Das Verhalten der Märkte ist nicht linear, nach dem Motto: Große Ereignisse lösen große Krisen aus. Es kann sein, dass kleinere, an sich nichtige Anlässe einen Crash auslösen. Sind die Bewertungen an den Märkten in irrationalen Höhen angekommen, kann der sprichwörtliche Flügelschlag eines Schmetterlings einen Tornado auslösen. Das könnte eine Gewinnwarnung eines prominenten Unternehmens sein, oder eine Ansammlung kleiner Ereignisse wie Hypothekenausfälle, oder ein Reddit-Mem, das tausende von Robin Hood-Depotinhabern dazu veranlasst, eine Aktie synchron zu verkaufen.
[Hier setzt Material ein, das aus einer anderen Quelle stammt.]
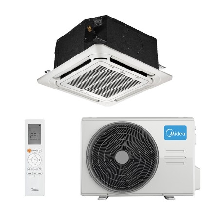 Кассетная сплит-система Midea MCA3-18HRN1-QB6/MOX330-18HN1-QB6/-40/T-MBQ4-03E имеет номинальную мощность охлаждения 5280 Вт и обогрева 5570 Вт. Внутренний блок в виде кассеты монтируется внутрь подвесного потолка. За счет этого такой кондиционер становится почти незаметным. Остаются видны лишь декоративные панели, которые также выполняют функцию раздачи воздуха. Кстати, кассетные кондиционеры - единственные сплит-системы, которые направляют охлажденный или нагретый воздух во все стороны благодаря 4-м направляющим жалюзи. В совокупности с высокой скоростью воздушного потока это обеспечивает эффективное охлаждение или обогрев больших по площади помещений с высокими потолками.
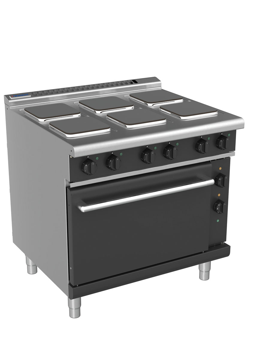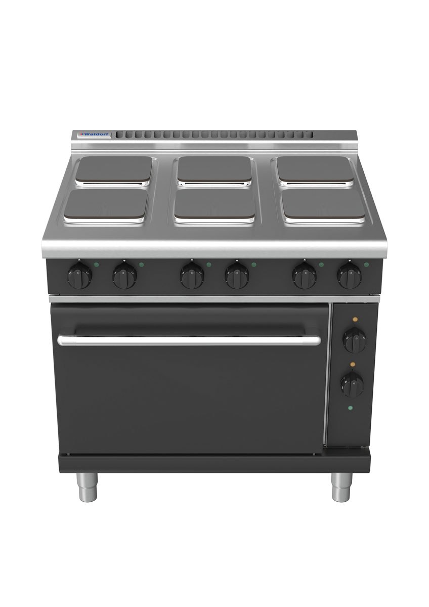 Waldorf BOLD 8610 Series 900mm 6 x 2.6kW Electric Cooktop on 2/1 GN Static Oven with Sealed Hobs and Low Height Splashback. Finished in Black. (3P)

Und es verläuft jedes Mal anders! Ereignisse können Domino-Effekte auslösen; ein kleiner Preisrückgang kann dazu führen, dass Anleger zum Verkauf gezwungen werden, etwa wenn Kredite zu Spekulationszwecken aufgenommen wurden. Wer den Margin Call seiner Bank erhält, muss um jeden Preis aussteigen. 

Gerade vor dem Hintergrund der letzten Phase des idealtypischen Crashs klingen Finanzblasen beängstigend. Aber müssen wir uns heute Sorgen machen? Die obigen Schritte könnten vieles von dem widerspiegeln, was wir heute sehen, und wir könnten bei „Phase 4“ angelangt sein. Aber ist es ausgemachte Sache, dass „Phase 5“ wirklich kommt? Und wenn ja: Wann? Es könnte nächstes Jahr so weit sein. Oder in zehn Jahren. Oder nie. 

Wenn Sie ein Langfrist-Investor sind, der einen langen Weg vor sich hat und ratierlich spart, spielen solche Überlegungen für Sie keine Rolle. Die Märkte haben sich in der Vergangenheit nach oben bewegt, auch wenn es zwischenzeitlich schmerzhafte Rücksetzer gab. Bleiben Sie einfach dabei und achten Sie nicht auf das Rauschen der Märkte (und des Blätterwalds).

Es ist übrigens wichtig zu wissen, dass annualisierte Renditen eine höchst lineare Darstellung des Marktgeschehens sind, und das wird der Volatilität an den Märkten nicht gerecht. Sie bewegten sich bisher zwar langfristig in eine (positive) Richtung. Doch der Weg zum Rendite-Ziel ist nicht ohne erhebliche Unebenheiten. Daher müssen Anleger volatile Marktphasen als Teil des Spiels an den Märkten akzeptieren lernen. 

Anstatt über Marktblasen zu spekulieren lohnt es sich eher, über den Zeithorizont eines Investments und die eigene Risikotragfähigkeit nachzudenken. Und Anleger müssen lernen, dass die Risikotragfähigkeit etwas ganz anderes ist als die Risikotoleranz. Anleger haben typischerweise eine geringe Risikotoleranz, denn zwischenzeitliche Volatilitäten verursachen Bauchschmerzen und Schweißausbrüche.

Wenn Sie langfristig investieren, sind Volatilitäten für Sie irrelevant. Sie sollten dann klare Kante zeigen und sich nicht um etwas kümmern, was Sie nicht beeinflussen können. Wenn Sie sich indes das Horrorszenario eines 50-prozentigen Aktien-Crashs vergegenwärtigen und feststellen, dass in dem Fall ihre finanziellen Ziele in Gefahr wären, dann betrifft das Ihre Risikotragfähigkeit. Dann sollten Sie zügig gegensteuern und das Risiko in Ihrem Portfolio reduzieren. Denn im Auge des Orkans das Portfolio umzustellen, war in der Vergangenheit selten eine gute Idee.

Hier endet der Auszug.